The system model is - G751JY

Thanks for the response!


----------



## justg1997 (May 22, 2020)

managed said:


> Hi and welcome to TSG.
> 
> To see what hardware is in that laptop please run this on it and paste the blue text it creates into your reply :-
> https://static.techguy.org/download/tsginfo.exe
> ...


Help me dawg :'(


----------



## managed (May 24, 2003)

Sorry for the slow reply, I think your thread got buried under newer ones.

As a possible workaround what happens if you put the laptop to Sleep rather than turning it off for the night ?

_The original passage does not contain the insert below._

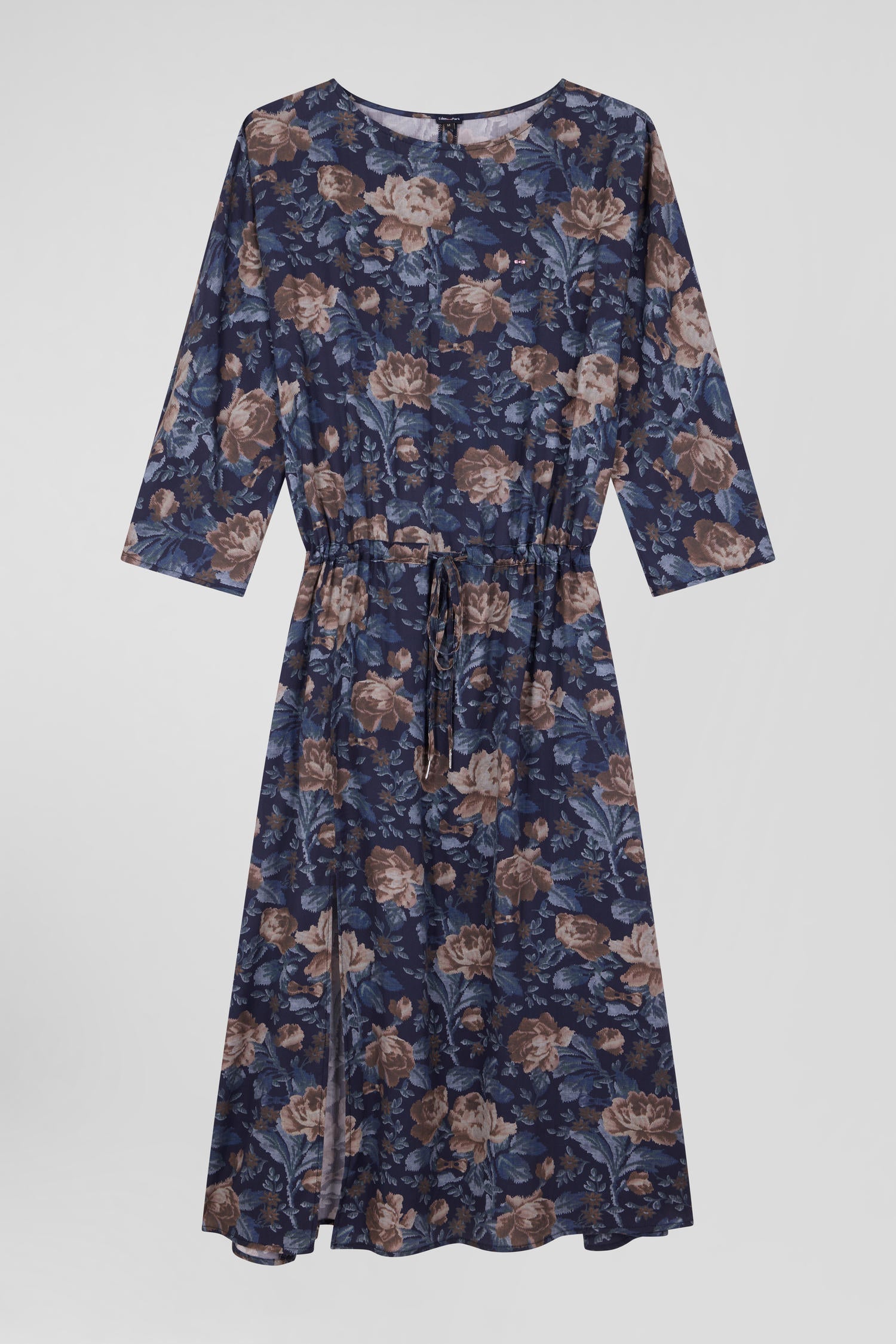 Robe en lyocell bleu marine manches longues à imprimé floral

You said a 'system reset' fixes it temporarily, what exactly do you do ?


----------



## justg1997 (May 22, 2020)

managed said:


> Sorry for the slow reply, I think your thread got buried under newer ones.
> 
> As a possible workaround what happens if you put the laptop to Sleep rather than turning it off for the night ?
> 
> You said a 'system reset' fixes it temporarily, what exactly do you do ?


No worries, I didn't reply directly to you so you probably weren't notified or anything, still appreciate the reply!

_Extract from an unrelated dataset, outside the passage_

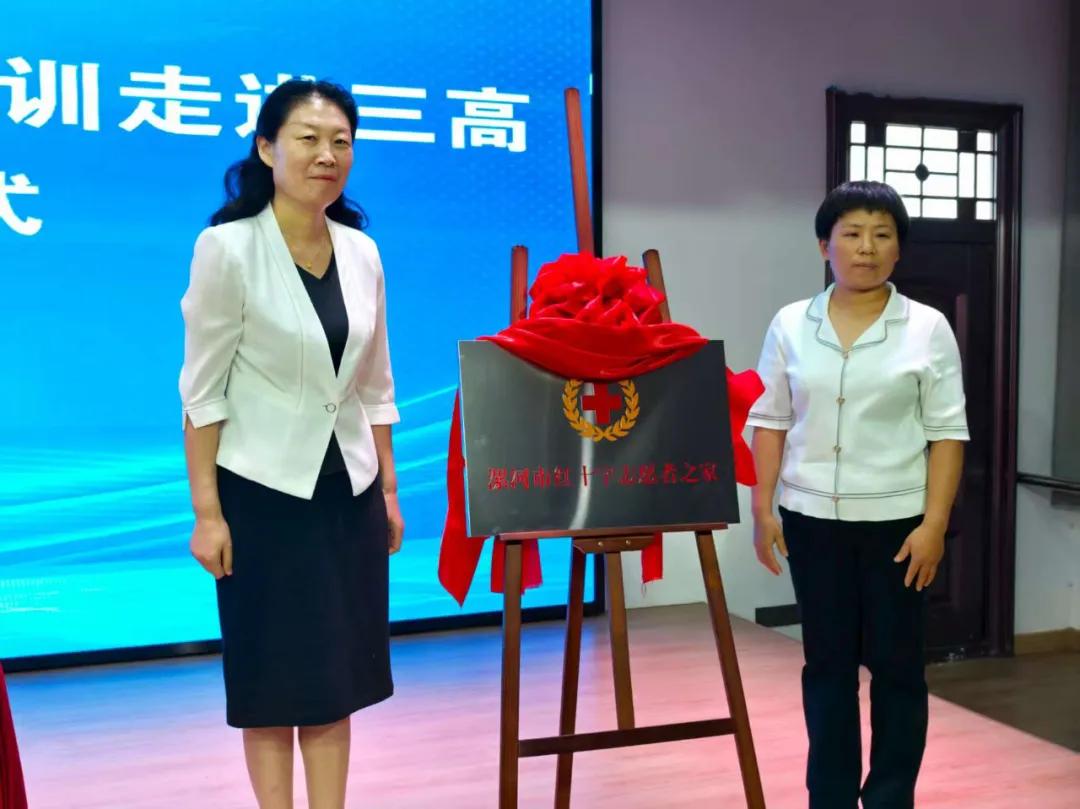 現(xiàn)場(chǎng),郭俊偉向“漯河市第三高級(jí)中學(xué)紅十字應(yīng)急救護(hù)社團(tuán)”代表授旗,孫潁華和胡海英共同為“紅十字志愿者之家”揭牌。

That currently is my workaround haha, has been going for a few days solid too I might add.

Basically turn it off and on repeatedly while spamming the f9-f12 keys through the "Republic of Gamers" boot logo, and either that or the laptops error response to it being shut off and on brings up the blue screen. At that point I go to advanced settings -> reset pc.

Also, any attempt to download the Geforce ready drivers from nvidia causes a black screen mid download resulting in the same stressful turn off - turn on process.


----------



## managed (May 24, 2003)

Ok, I'm logging off now but I will think about your problem and post here again if I come up with anything.


----------



## justg1997 (May 22, 2020)

managed said:


> Ok, I'm logging off now but I will think about your problem and post here again if I come up with anything.


I appreciate it


----------



## justg1997 (May 22, 2020)

managed said:


> Ok, I'm logging off now but I will think about your problem and post here again if I come up with anything.

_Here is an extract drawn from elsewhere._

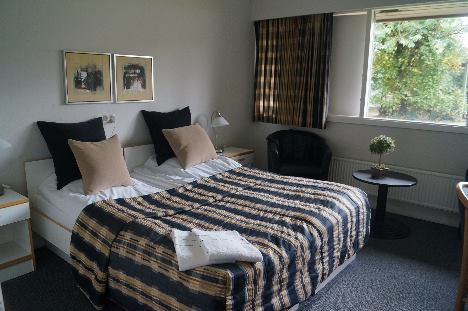 Det er koselige rom på Hotel Pejsegården
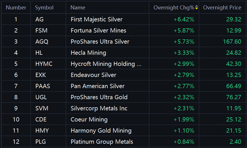 Precious metal shares and ETFs jumped in overnight trading. First Majestic Silver, ProShares Ultra Silver up around 6%; Hecla Mining, HYMC up around 3%.

Baby come back, you can blame it all ON MEEEEEE :'(


----------



## managed (May 24, 2003)

justg1997 said:


> Baby come back, you can blame it all ON MEEEEEE :'(


I certainly will. 

Make sure you are connected to the Internet
In Device Manager expand Display adaptors
right click on the revealed adaptor > Update driver > Search automatically...

If that installed a newer driver see if the TV display still works now after a restart.


----------



## justg1997 (May 22, 2020)

managed said:


> I certainly will.
> 
> Make sure you are connected to the Internet
> In Device Manager expand Display adaptors
> ...


The update went through and the restart worked but I am still terrified to shut it off lmao! Should I give it a go anyways?


----------



## managed (May 24, 2003)

I would go for it, you will have to shut it down eventually so do it now while you still have a chance of doing a restore if necessary.

Good luck !


----------



## justg1997 (May 22, 2020)

managed said:


> I would go for it, you will have to shut it down eventually so do it now while you still have a chance of doing a restore if necessary.
> 
> Good luck !


Did a full shutdown and everything is working perfect! Wondering if I should maybe try the GTX geforce game ready driver now.... hmmmmmmmmmmmm. What do you think? Again I appreciate all of your help!!!


----------



## managed (May 24, 2003)

I doubt you will gain anything by installing that driver and why take the risk now it's working well ?


----------



## justg1997 (May 22, 2020)

managed said:


> I doubt you will gain anything by installing that driver and why take the risk now it's working well ?


Good point, I appreciate all of the help! You've been my savior <3


----------



## managed (May 24, 2003)

You're welcome. :up:

(When you're sure it's fixed please click on [Mark Solved] at the top of your page)


----------